D.C. conference to focus on war wounds’ impact on sex, intimacy (Military Times)
A two-day conference in Washington, D.C., this week will tackle an often overlooked result of combat injuries: the impact war wounds can have on fertility, sex and relationships. The groundbreaking seminar is sponsored by the Bob Woodruff Foundation. Woodruff, an ABC News correspondent who suffered a serious head injury while covering military operations in Iraq in 2006, co-founded the non-profit with wife Lee Woodruff to support injured post-9/11 troops and their family members.

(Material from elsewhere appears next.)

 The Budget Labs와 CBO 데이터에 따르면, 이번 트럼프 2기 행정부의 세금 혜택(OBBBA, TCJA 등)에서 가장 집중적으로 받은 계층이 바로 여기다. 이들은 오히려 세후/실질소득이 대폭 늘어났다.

According to foundation spokesman Sam Kille, the symposium aims to spotlight sex and relationship problems facing troops, veterans and their partners as they cope with long-term recovery from combat wounds. “Many of our service members face — whether it’s from a physical or emotional wound — problems with intimacy. It’s something people are afraid to talk about but it needs to be discussed, since it’s a silent casualty of war,” Kille said. Topics to be covered include fertility treatments, advancements in reconstructive surgery, sexual dysfunction and regenerative medicine.

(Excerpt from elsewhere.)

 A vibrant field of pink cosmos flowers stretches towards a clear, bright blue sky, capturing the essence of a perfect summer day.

Military veterans suffering from post-traumatic stress disorder are trying a non-traditional approach to their condition and it involves pot and paintbrushes. Puff, Pass, and Paint is 420 friendly and its founder, Denver-based artist Heidi Keyes says the 2-hour sessions are a great way to unwind and even help military veterans. Keyes teaches these small classes out of her home studio, which allows her to operate without any legal trouble. “You can follow along with my instruction or if you’re feeling inspired, you can do your own thing as well, and partake in cannabis at the same timel” says Keyes. Most of the artists do, like former Marine and cannabis activist Sean Azzariti. “Using cannabis and having art as an outlet has helped me tremendously,” says Azzariti. Azzariti spent 6 years in the military, deployed twice to Iraq, and says medical marijuana saved his life. “I was being prescribed to take 12 pills a day to help with my PTSD,” said the former Marine. “Cannabis made it so I don’t have to take any of that.”